=== Section Start ===

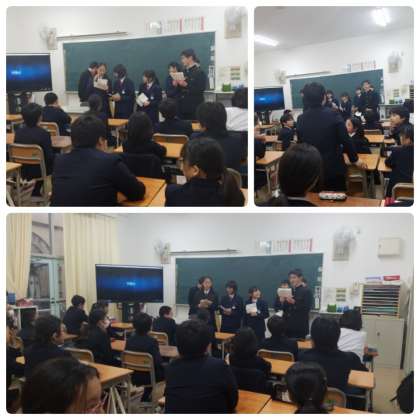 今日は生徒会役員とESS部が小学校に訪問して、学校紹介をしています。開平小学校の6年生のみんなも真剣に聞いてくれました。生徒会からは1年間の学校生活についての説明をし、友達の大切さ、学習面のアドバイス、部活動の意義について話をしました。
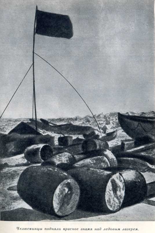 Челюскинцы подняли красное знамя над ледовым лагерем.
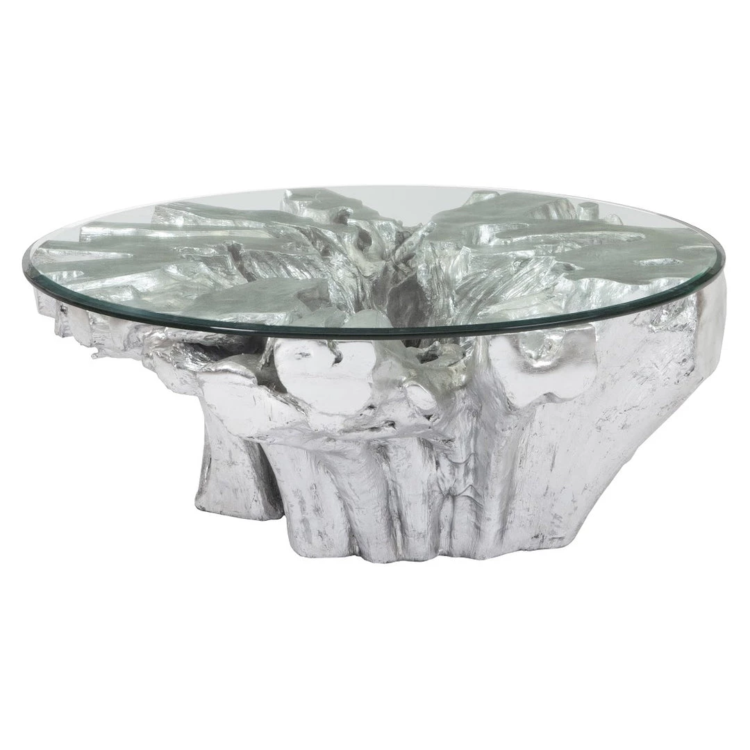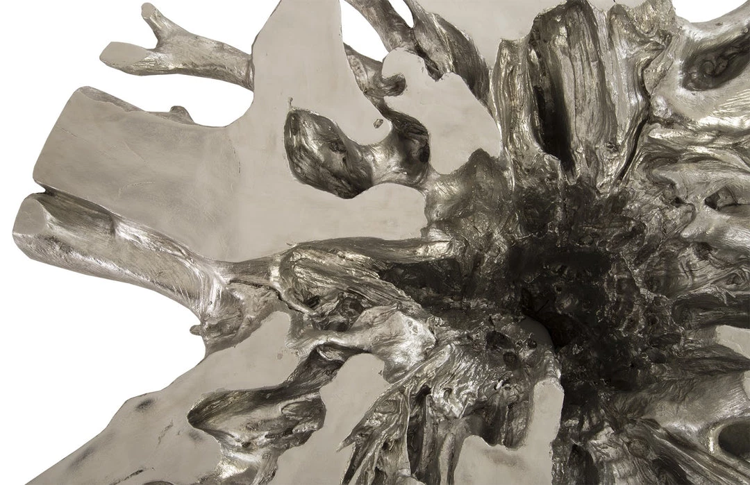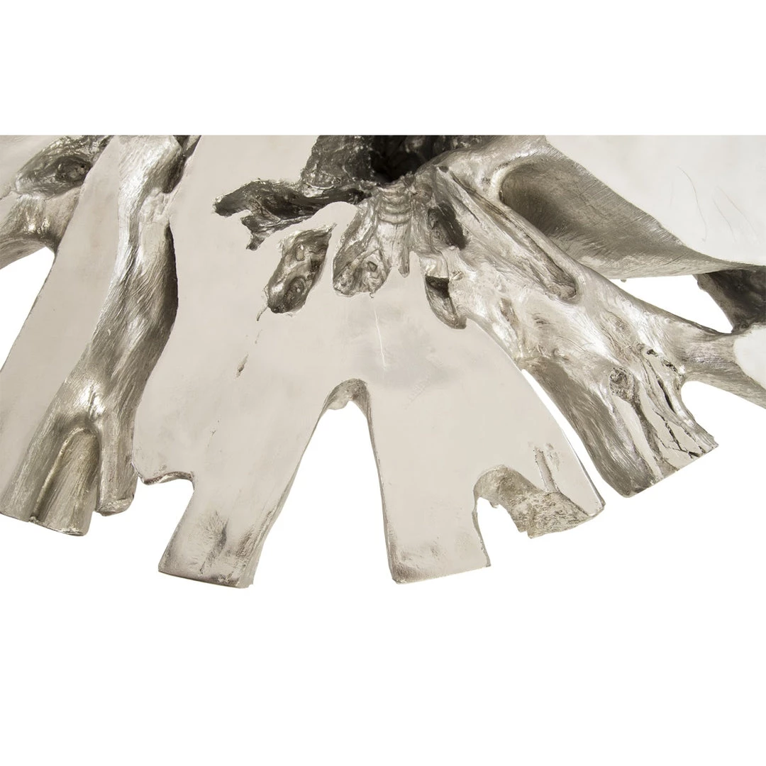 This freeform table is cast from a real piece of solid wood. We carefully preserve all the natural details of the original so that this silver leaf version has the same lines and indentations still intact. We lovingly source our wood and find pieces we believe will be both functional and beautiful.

=== Section End ===

TASK REQUIREMENTS
Line by line, write out the material above exactly, with no images.

RESPONSE TO THE TASK
 今日は生徒会役員とESS部が小学校に訪問して、学校紹介をしています。開平小学校の6年生のみんなも真剣に聞いてくれました。生徒会からは1年間の学校生活についての説明をし、友達の大切さ、学習面のアドバイス、部活動の意義について話をしました。
 Челюскинцы подняли красное знамя над ледовым лагерем.
 This freeform table is cast from a real piece of solid wood. We carefully preserve all the natural details of the original so that this silver leaf version has the same lines and indentations still intact. We lovingly source our wood and find pieces we believe will be both functional and beautiful.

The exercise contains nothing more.